Oh yes, the Centerfold. Well, contrary to the comics I did not grow up thinking that all girls came with a staple in their navel nor did I think that the air bushed beauties in the middle of THAT magazine were going to be working at Piggly-Wiggly. I didn’t lose my moral compass, didn’t go blind and didn’t suffer physical weakness and loss of athletic ability, (I really didn’t have any athletic ability to lose so that probably didn’t matter one way or the other.), and I did respect my parents and learn to read and write.

And it was the reading part which finally worked its way through all of the blood pounding, heart-thumping, heavy-breathing. The stories and articles were amazing. In Gravel Pit we didn’t think about such things much less talk about them, world politics, the Civil Rights movement, current literature, good films and Fine Art.

Fine Art? With GM on one side, stamping out Chevys like they were gingerbread men and LTV, well it was Temco during the war and then merged with Chance Vought for the Korean War and that’s why it was LTV for Ling Temco Vought the nice folks who would bring NAPALM to Viet Nam a few years later, testing high-thrust jet engines on the other, the main topic of conversation was either who would win the election in whatever year it was or how would the Gravel Pit Gophers fare in high school football?

So without THAT magazine I would have known nothing about Fine Art or fast cars or nekkid girls not necessarily in that order.

And one of the artists I saw a lot of was LeRoy Nieman. I always wondered why they guy who got so much space in THAT magazine couldn’t paint? He had these hazy images with colors here and splashes there and no definite shapes at all and sort of whirly, swirly and then the reports started coming in from California and I knew. He was on drugs!

I mean those tie dyed T-shirts had the same sort of color combinations and the posters for the west coast music events were painted like that all splashy and bright with vague shapes and sort of misty and nothing for the eye to latch on to and the reason was all of those dirty, drug-crazed hippie dope-freaks taking cough syrup and No-Doze and mixing it with Jim Beam and TAB and staying up all hours of the night doing things that the Baptist minister would never approve of and making all sorts of ungodly indecent sex-crazed dope-fed stuff!

But even after the Sixties passed LeRoy never changed, fortunately by that time the worst of the Testosterone Poisoning had passed I could with some reasonable effort think and cogitate and I noticed that the paintings I had found so undisciplined and random a few years ago now looked amazing and innovative.

LeRoy Neiman captured sport in a way that no other artist has managed and created some of the most iconic images of the later half of the twentieth century. And if you think his work is all Rocky and Femlins you haven’t seen his Lincoln or the magnificent African animals he did.

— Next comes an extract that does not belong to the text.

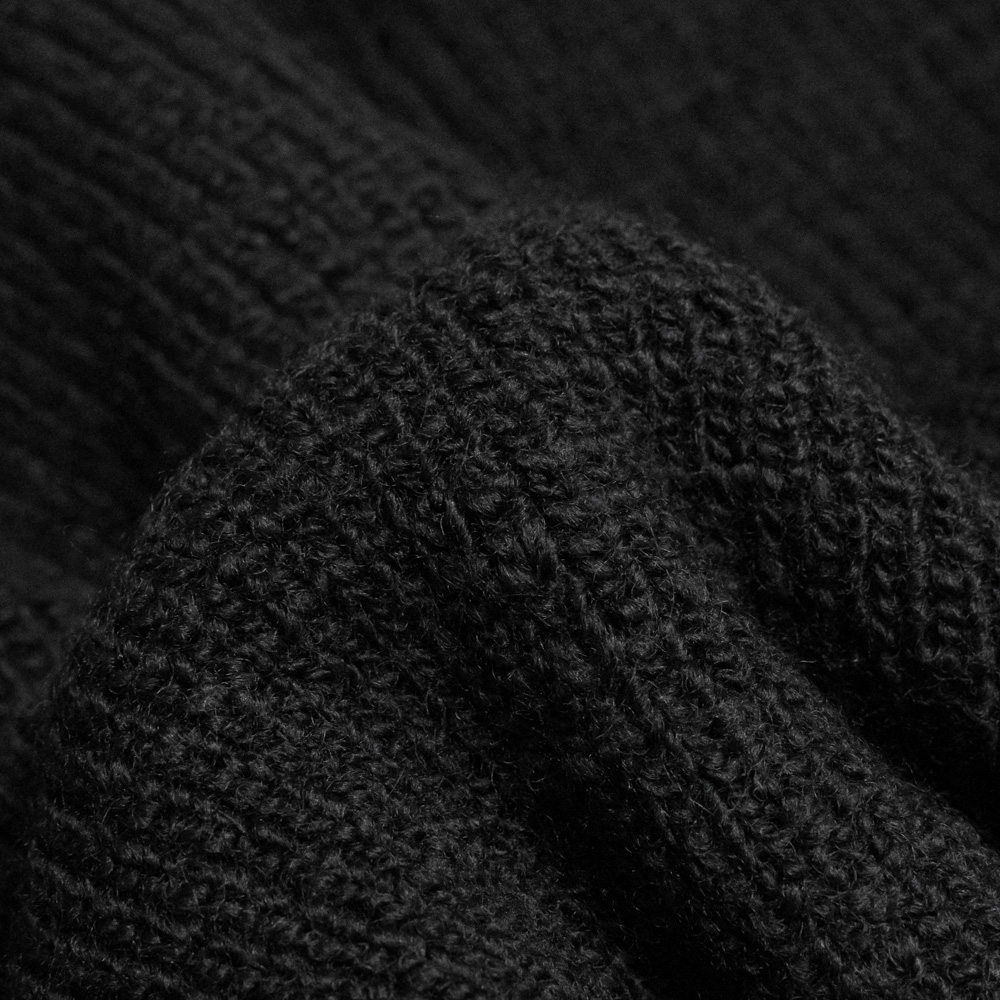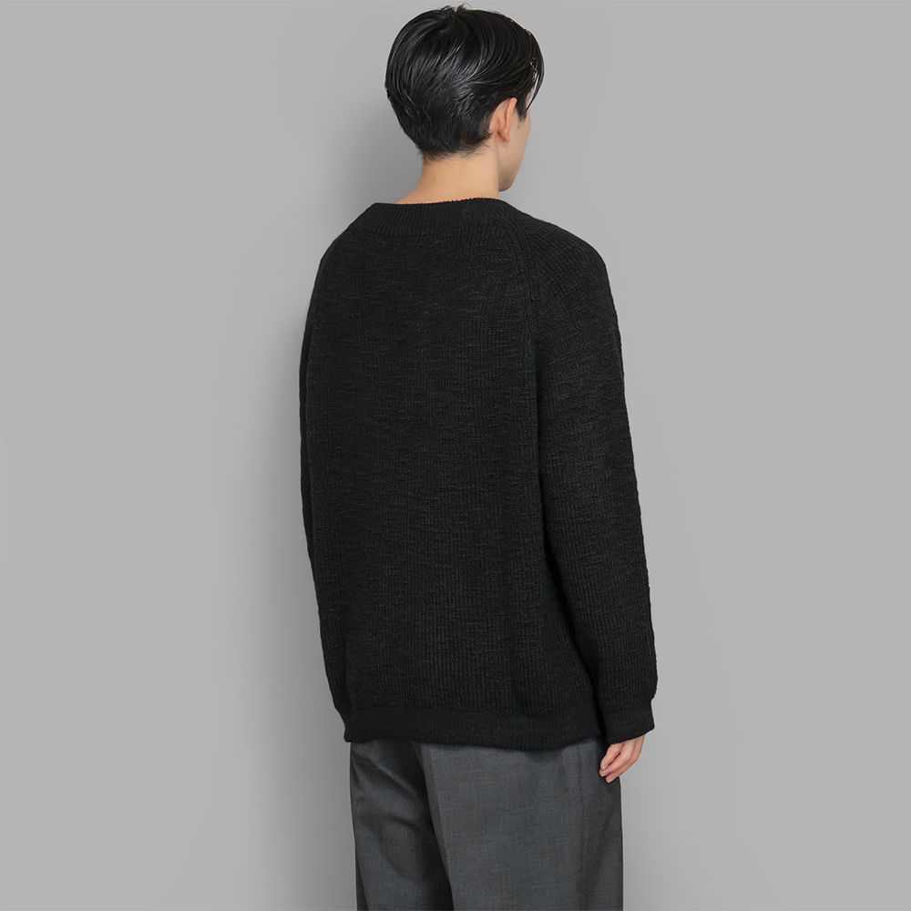 南米ウルグアイ産のノンミュールジングウールを太番手のスラブ糸に紡ぎ、畦編みで編み上げたニット素材を使用しています。膨らみのあるスラブ糸により、ざっくりとした表情ながら軽やかなボリュームを実現しています。

Mr. Neiman’s estate jealously guards his work and well they should so I cannot post any of his works here, but I can add a link which amazingly enough I just did and now you can go and see for yourself assuming you weren’t a red-white and blue-blooded, normal, American boy in the fifties and started sneaking THAT magazine before Marilyn’s photo had completely dried from the offset roller cause if you were you saw his work as it was being done in-between looking at the Vargas Girls and the Centerfolds which in no way caused mental illness or hair to grow in your palms unlike what Coach told all of us so see you have nothing to fear and if you do happen to go back and take a look at the originals don’t stop to look at the Centerfold of Fran Gerard, Reagan Wilson or Marilyn Cole or you’ll never get anything done. Okay, you can stop at Frannie’s pictures cause she single-handedly killed Dorothy Parker’s famous quip about girls and glasses, but don’t linger and do take a look at the treasure of LeRoy Neiman’s art.

LeRoy Neiman American artist, died June 20, 2012.